The task: The material below is to be copied exactly from the line with "Z Ministerstwa Kultury" up to and including the line with "Aksishjort (Axis axis)", with nothing else kept and no pictures.

Source records:
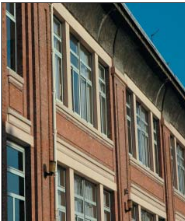
Elévation côté cour, école de garçons.

La composition d'ensemble est parfaitement symétrique. Cette disposition, commune à de nombreux groupes scolaires français construits sous la III e République, était facilitée par la division entre école de garçons, rue de la Division Leclerc, et école de filles, rue de Toulouse, imposée par le programme.
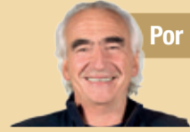
Por Ricardo Peidro
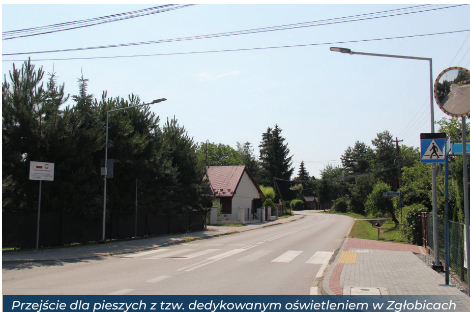
Przejście dla pieszych z tzw. dedykowanym oświetleniem w Zgłobicach

Z Ministerstwa Kultury i Dziedzictwa Narodowego dofinansowania do prowadzonej działalności pozyskuje też Centrum Kultury i Bibliotek. Dzięki temu udało się w ostatnim czasie uzyskać dotacje na takie programy, jak „Promocja czytelnictwa 2022” – 30 tys. zł, „Literatura” – 30 tys. zł, „Kultura dostępna” – 60 tys. zł czy „Kultura ludowa i tradycyjna” – 45 tys. zł.
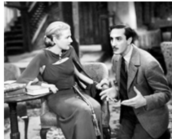
1937 LOVE FROM A STRANGER de Rowland V. Lee avec Ann Harding
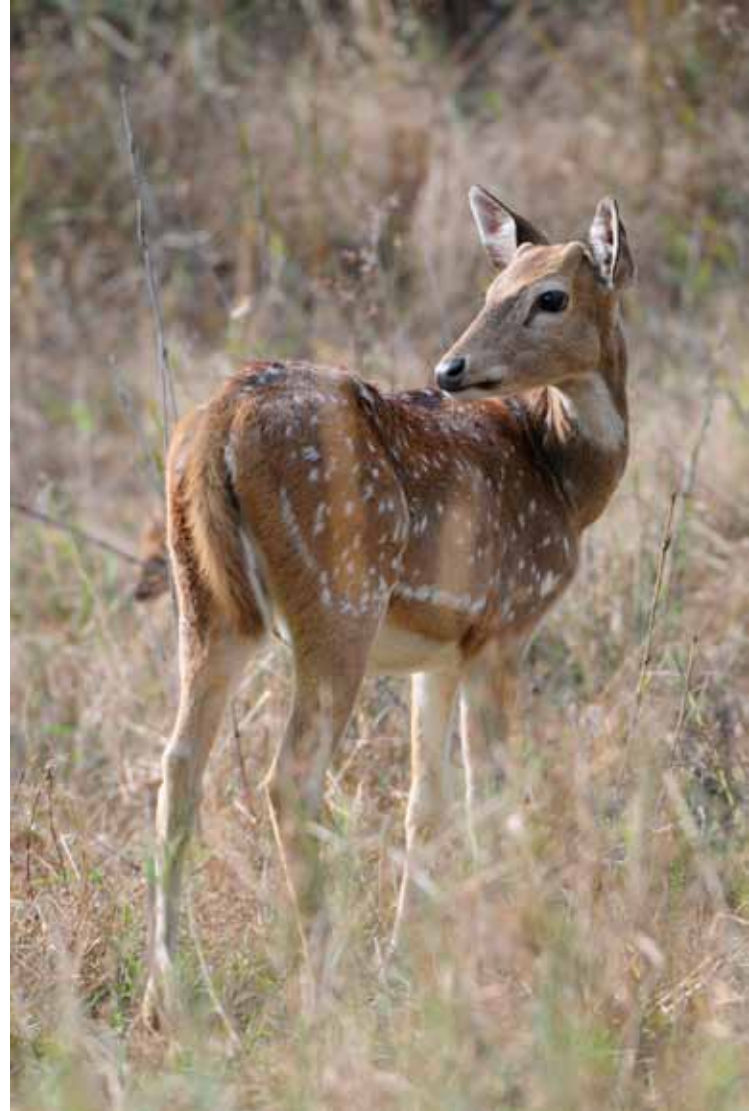
Aksishjort (Axis axis)

Att få se en samlad tigerfamilj hör inte till vanligheterna, att få en tigerunge på tio månader innanför närgränsen på tel-zoomen är ännu ovanligare, men det slutar inte här. Denna hane bestämde sig för att klättra upp i ett träd och detta är så ovanligt att till och med föraren och guiden blev helt till sig. Vi fick totalt cirka 30 minuter tillsammans med familjen innan de vandrade iväg in i djungeln igen. När den större delen av adrenalinet efter detta möte lagt sig så var det dags att köra mot portarna igen.

Written answer:
Z Ministerstwa Kultury i Dziedzictwa Narodowego dofinansowania do prowadzonej działalności pozyskuje też Centrum Kultury i Bibliotek. Dzięki temu udało się w ostatnim czasie uzyskać dotacje na takie programy, jak „Promocja czytelnictwa 2022” – 30 tys. zł, „Literatura” – 30 tys. zł, „Kultura dostępna” – 60 tys. zł czy „Kultura ludowa i tradycyjna” – 45 tys. zł.
1937 LOVE FROM A STRANGER de Rowland V. Lee avec Ann Harding
Aksishjort (Axis axis)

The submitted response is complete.